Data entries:
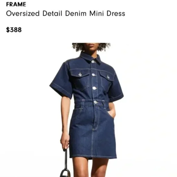 NWT!! Sooo cute but my hips don't lie and this doesn't fit in my hips lol. Never worn and in perfect condition. Features oversized metal detailing and ruching at the back for a flattering fit on the waist. Could be super cute for fall w/ boots!--------Button front closures.Style Number: ODDDR727 RINSEFabric: 100% cottonMachine wash coldImportedModel is 5'10" and wearing size SLength from shoulder to hem: 32.5"
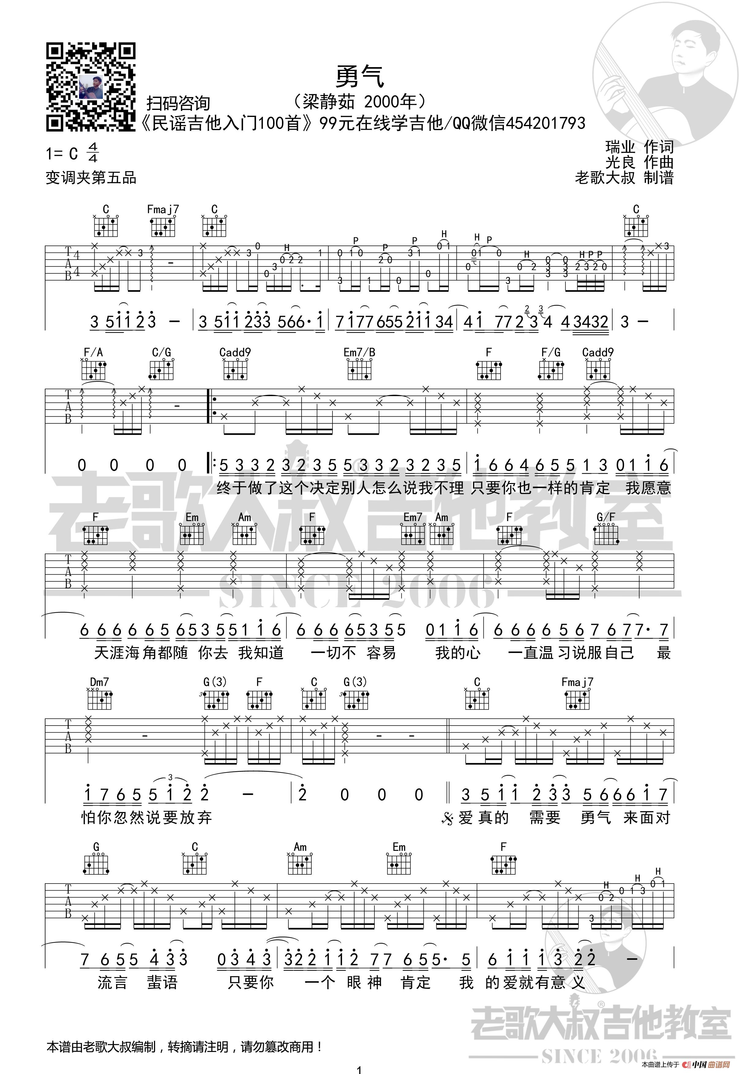 梁静茹《勇气》考级版超清谱 老歌大叔吉他教室出品
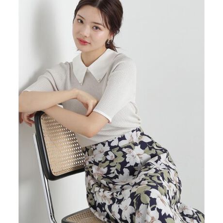 秋冬に人気だったアイテムがさらっとした素材を使い半袖になって登場!襟を取り外すとバイカラーのトップスになる2wayデザインのリブニットです。襟につけたパール調が上品さをプラス。シルエットがきれいに見えるリブ編みにし、襟はシャツ地でキレイ目に仕上げています。
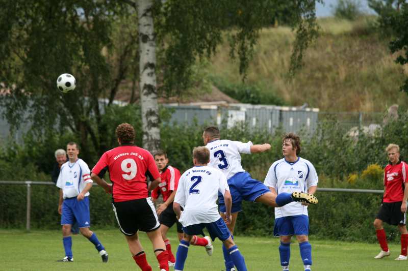 Im letzten Jahr verlor man beide Spiele gegen Kickers JuS. Dass sollte nach dem guten Start in Malchow in diesem Jahr anders laufen. Der erste gefährliche Angriff brachte dann auch schon die Warener Führung. Robert Friske setzte sich auf der rechten Seite durch und flankte gefühlvoll ins Angriffszentrum. Dort köpfte Chris Görtz an die Latte, der Abpraller fand über den Rücken des Gästetorwartes den Weg über die Torlinie.
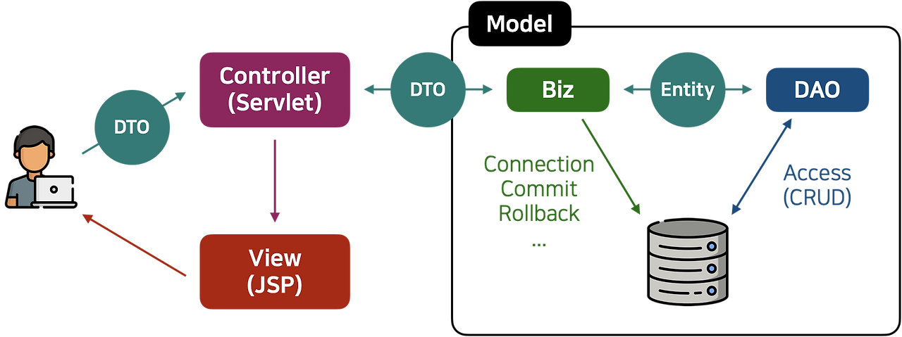 - 비즈니스 로직은 JSP에 직접 작성하지 않기 → Servlet, Service, DAO로 분리
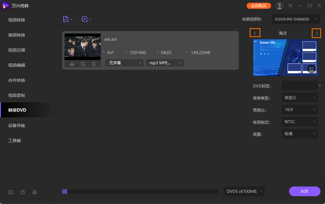 单击右侧模板框左右的箭头来挑选合适的DVD模板。

**WORK ITEM**. Please give back all the records above word for word, with no pictures included.

**SOLVED PROBLEM**.
 NWT!! Sooo cute but my hips don't lie and this doesn't fit in my hips lol. Never worn and in perfect condition. Features oversized metal detailing and ruching at the back for a flattering fit on the waist. Could be super cute for fall w/ boots!--------Button front closures.Style Number: ODDDR727 RINSEFabric: 100% cottonMachine wash coldImportedModel is 5'10" and wearing size SLength from shoulder to hem: 32.5"
 梁静茹《勇气》考级版超清谱 老歌大叔吉他教室出品
 秋冬に人気だったアイテムがさらっとした素材を使い半袖になって登場!襟を取り外すとバイカラーのトップスになる2wayデザインのリブニットです。襟につけたパール調が上品さをプラス。シルエットがきれいに見えるリブ編みにし、襟はシャツ地でキレイ目に仕上げています。
 Im letzten Jahr verlor man beide Spiele gegen Kickers JuS. Dass sollte nach dem guten Start in Malchow in diesem Jahr anders laufen. Der erste gefährliche Angriff brachte dann auch schon die Warener Führung. Robert Friske setzte sich auf der rechten Seite durch und flankte gefühlvoll ins Angriffszentrum. Dort köpfte Chris Görtz an die Latte, der Abpraller fand über den Rücken des Gästetorwartes den Weg über die Torlinie.
 - 비즈니스 로직은 JSP에 직접 작성하지 않기 → Servlet, Service, DAO로 분리
 单击右侧模板框左右的箭头来挑选合适的DVD模板。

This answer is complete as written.